Nothing could have prepared him for that look. Her eyes were filled with hurt. There was no longer any panic, fear, or terror. It was sheer agony of being betrayed by a friend. “You knew. It was the calm before the storm and you knew. What more, you knew I wouldn’t make it.”

“You’re going to make it,” Adam pushed her pack towards her and pushed her back down the path away from the approaching storm. “Run, and don’t look back.”

They ran like no other. His heart was beating so fast and so loud that he could hear it in his ears and feel it in his head. A steady thumping of blood being pumped to his extremities. His legs were churning faster than they ever had before and his breath was just as ragged. That familiar feeling crept up again; terror and horror returned to be his comrade in arms.

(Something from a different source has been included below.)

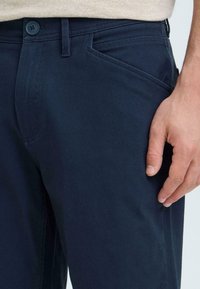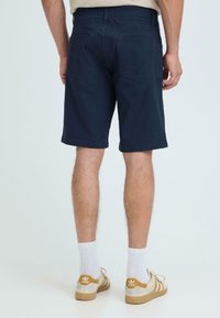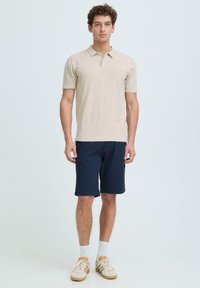 Homme portant un short bleu marine, des chaussettes blanches et des baskets beiges, debout devant un fond gris clair.

Then it happened, as he knew it would. Mala tripped, stumbled, and fell into the dirt. Adam stopped and knelt down, tugging at her arm valiantly to pull her up. She was half crying and half out of breath – the ultimate agony. “Come on, Mala, come on…”

“My foot, it’s stuck!”

It was just like nature to screw with him. When he was feeling heroic and able to care for those around him, he couldn’t. Adam stared in disbelief as he saw her foot caught between a boulder and a tree root. Lodged in there something fierce, Adam fought from crying himself. He knew he was dreaming, but he couldn’t save her even in his dreams. It was as if the universe was taking her at his expense. Again.

A sharp wind hit him, almost knocking him to the ground. He turned his head and forced his eyes open into the torrent of wind. It stung and he could feel his eyes clogging with dirt and debris. A tree trunk flew past him at warp and he muttered an obscenity as he threw himself over Mala. Another heroic act, another worthless failure.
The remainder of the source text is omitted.